Magnetic field dependent thermodynamics of spontaneous translational symmetry breaking at edges of d-wave superconductors

We present results for the magnetic field dependent thermodynamics of a low-temperature phase with spontaneous loop currents at edges of layered d-wave superconductors. As we showed in Ref. [1] for zero external magnetic field, time-reversal symmetry and translational symmetry along the edge are broken spontaneously in a second order phase transition at a temperature T^*≈0.18 T_c with a jump in the specific heat, where T_c is the superconducting transition temperature. The phase with broken symmetry is characterized by a gauge invariant superfluid momentum p_S that forms a non-trivial vector field with a chain of sources and sinks along the edges with a period of approximately 12ξ₀, where ξ₀ is the superconducting coherence length.
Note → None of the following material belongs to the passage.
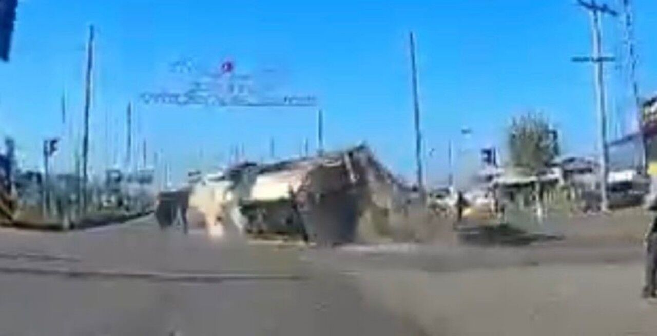 Kaza anı, o sırada kavşakta bulunan bir başka otomobilin araç içi kamerasına anbean yansıdı. Görüntülerde, tırın kavşağa girdiği andan itibaren dorsesinin sola doğru yattığı ve ardından tüm heybetiyle yere çakıldığı görüldü. Tırın devrilmesiyle birlikte yoldan yükselen yoğun toz bulutu çevreyi kaplarken, kazanın şiddeti görüntülerin ne kadar korkutucu olduğunu bir kez daha gözler önüne serdi. Görüntülerde ayrıca, tırın devrildiği noktaya yakın başka araçların olmaması faciayı önleyen en büyük etken olarak dikkat çekti.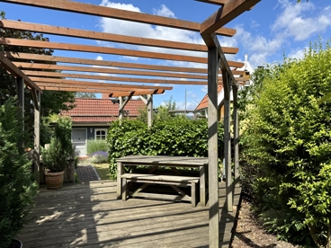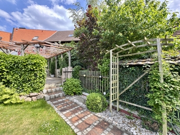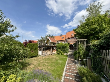 Der kleine, aber wunderbar angelegte Garten rundet das Gesamtbild ab – ein Ort zum Durchatmen, zum Entspannen und Genießen. Hier findet sich nicht nur Raum für gemütliche Stunden im Grünen, sondern auch ein weiteres Highlight: ein separates Gartenhäuschen..

At finite external magnetic field, explicitly breaking time-reversal symmetry, the phase transition is still of second order and is associated with spontaneous breaking of translational symmetry along the edge and formation of the non-trivial p_S vector field. Due to a competing paramagnetic response at the edges, the phase transition temperature T^* is slowly suppressed with increasing magnetic field strength, but survives into the mixed state.

[1] M. Håkansson, T. Löfwander, and M. Fogelström, Nat. Phys. 11, 755 (2015).